There is a book out called From Silence to Voice by Bernice Buresh and Suzanne Gordon. It is a wonderful read on how nurses can become more effective in their environments. They prove that there are specific things that we can do to help the public better understand our role in the health care system especially as it relates to our introductions (Chapter 3 pages 42-56).

They talk about how we initially greet our patients. At the beginning of this blog trail Paul offered up that we should write it on a white board. I think that it is important to extend beyond that introduction. When we first walk into a patient’s room- we must identify ourselves professionally.

Compare and contrast how a physician enters the room, “Hello, my name Jon Smith and I am your doctor today”.

Notice that the doctor says both his/her first and last name and clearly identifies their role.
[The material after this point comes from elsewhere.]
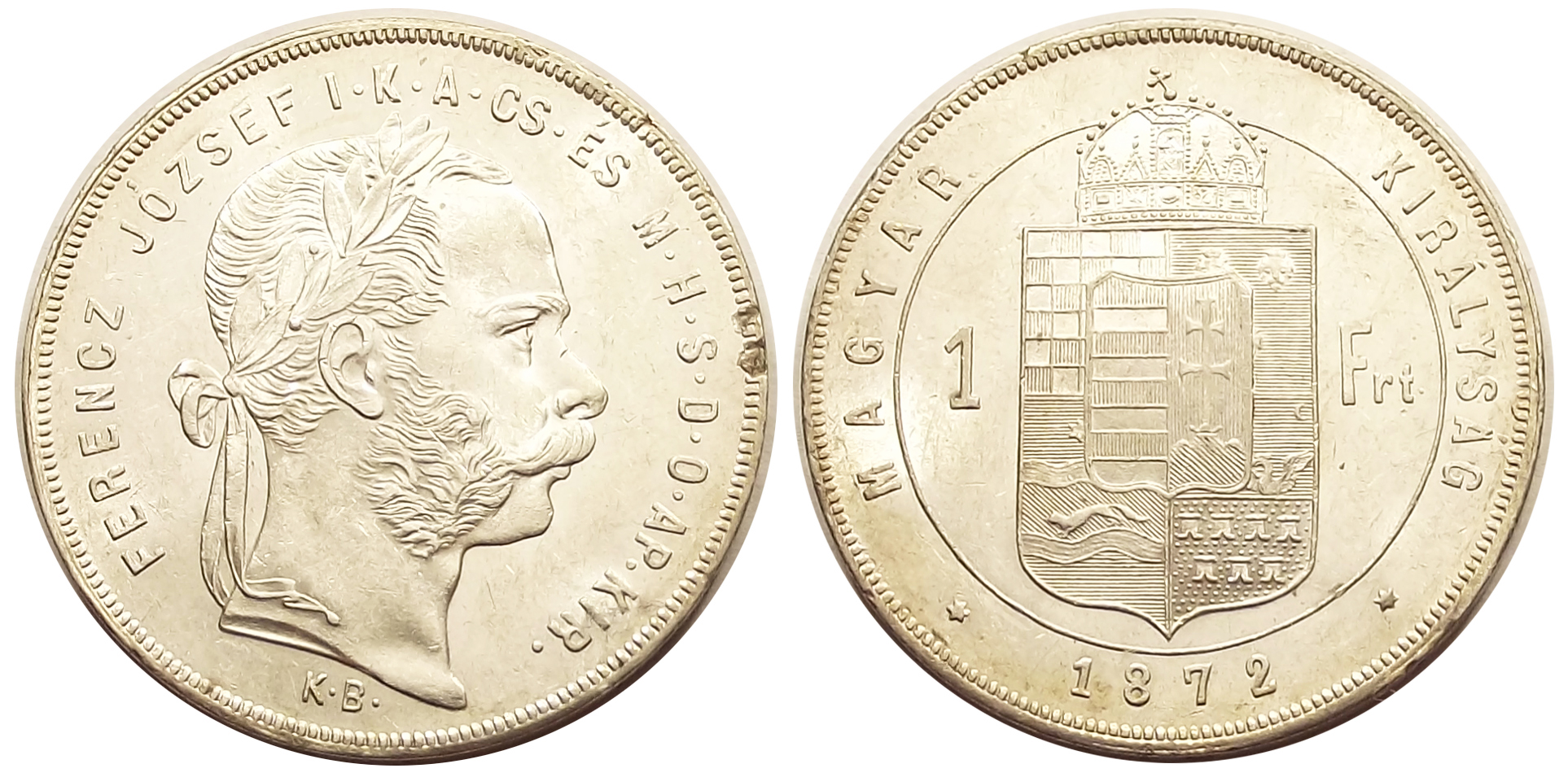 1 forint 1872 Ferenc József, kiváló állapotban, éles portréval és címerrel, verdefénnyel. Veréshiba 3 óránál (h cs

This professional introduction creates the stage for the dialog between the provider and the patient.

Contrast: I have been a nurse for awhile now and it is not uncommon for nurses to introduce themselves this way: “I am Sally and I will be taking care of you today”. This leaves the patient unsure of Sally’s role. It also leaves a lot of room for interpretation. “Taking care of you today” could mean many different things, from changing a bedpan to saving a life.

Take an opportunity in that moment to show your stuff. “Hi my name is Sally Smith and I am a registered nurse who will be providing/coordinating your care today.” Talk about the patient’s diagnosis and plan for the day. It is almost like we need to advertise ourselves. This quote demonstrates the point well:

“In the world of work, people who receive credit often do so because they make it easy for others to acknowledge their contributions. A businessman we know, who first name is John, recalled that during his years as an employee in a large company, he made a point of introducing himself with his first and last name when he had an occasion to speak with the executive responsible for salaries. “I wanted him to be clear that I was the one who should get the raise, not some other John,” he says” (Buresh and Gordon 2006)

Nurses are an amazing group. Some of the most incredible people I know are nurses (I work with them everyday at Beth Israel). It is okay that we want to be acknowledged for what we do everyday. We will move forward as a profession if we are sensitive to the subtle things that influence our status in society. I think an introduction is a good place to start.